Tuesday 2 November 2010

Foody fads

OUR DINNER this evening is home-made sweet and sour pork, and it seems strange to say that it’s the first time I’ve attempted this Chinese classic.

The pork fillet is cut into chunks and marinated in dry sherry and light soy sauce.

My Good Lady has already made up the batter – a simple flour and egg goo; we dunk the pork into seasoned flour then into the batter and fry it, in batches, for a few minutes and set it aside.

Next I stir-fry some cubed pepper and sliced spring onions, then return the cooked pork along with some pineapple chunks and sliced red chillies into the wok and let it all warm through.

Finally, I pour in the sauce mixture – a blend of pineapple juice, brown sugar, tomato ketchup, light soy sauce and white wine vinegar.

As the blend is looking a little runny, MGL makes up a cornflour mixture to thicken it up a bit.

We serve it on plain, boiled long-grain rice, and wash it down with a German Riesling.

Oh yes!

Over dinner we discuss some of our friends’ odd attitudes towards food.

Take PD for example. Every weekend he has a roast, but then for days afterwards he has the leftover meat in sandwiches and salads and such like until it’s all gone.

It doesn’t seem to occur to him to freeze the stuff and vary it with other things.

It would keep for weeks, if not months, and he could enjoy it over a period.

Pre-freezer days, yes, we would have had to eat the meat before it went off, but today…?

And then there’s Steve, who always buys his vegetables prepared, and ready for the pot.

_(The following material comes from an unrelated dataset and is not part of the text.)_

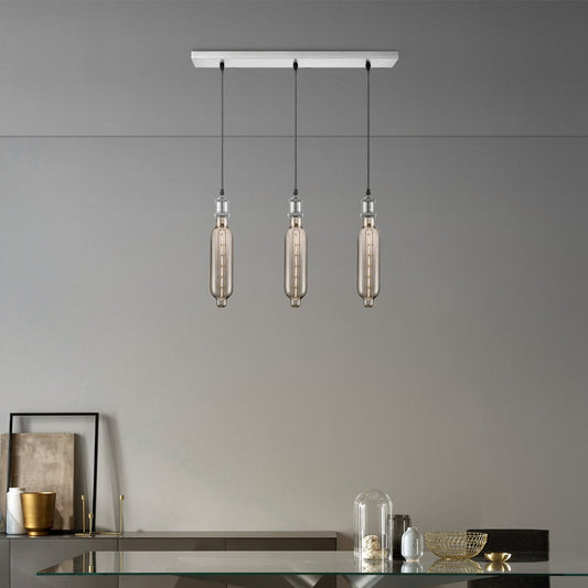 Lampe à suspension chrome vintage Tube 3L G78 dimmable E27 fumée

Not for him the chore of peeling and slicing – to us this is part of the fun of cooking; it doesn’t take but a few minutes and it costs a fraction of the price.

Odd, as I say.

But then, when we tell people about having two ounces of minced beef in a meal, or half a tin of sardines in a flan, no doubt they think of us as odd.

There’s nowt so strange as folk, is there?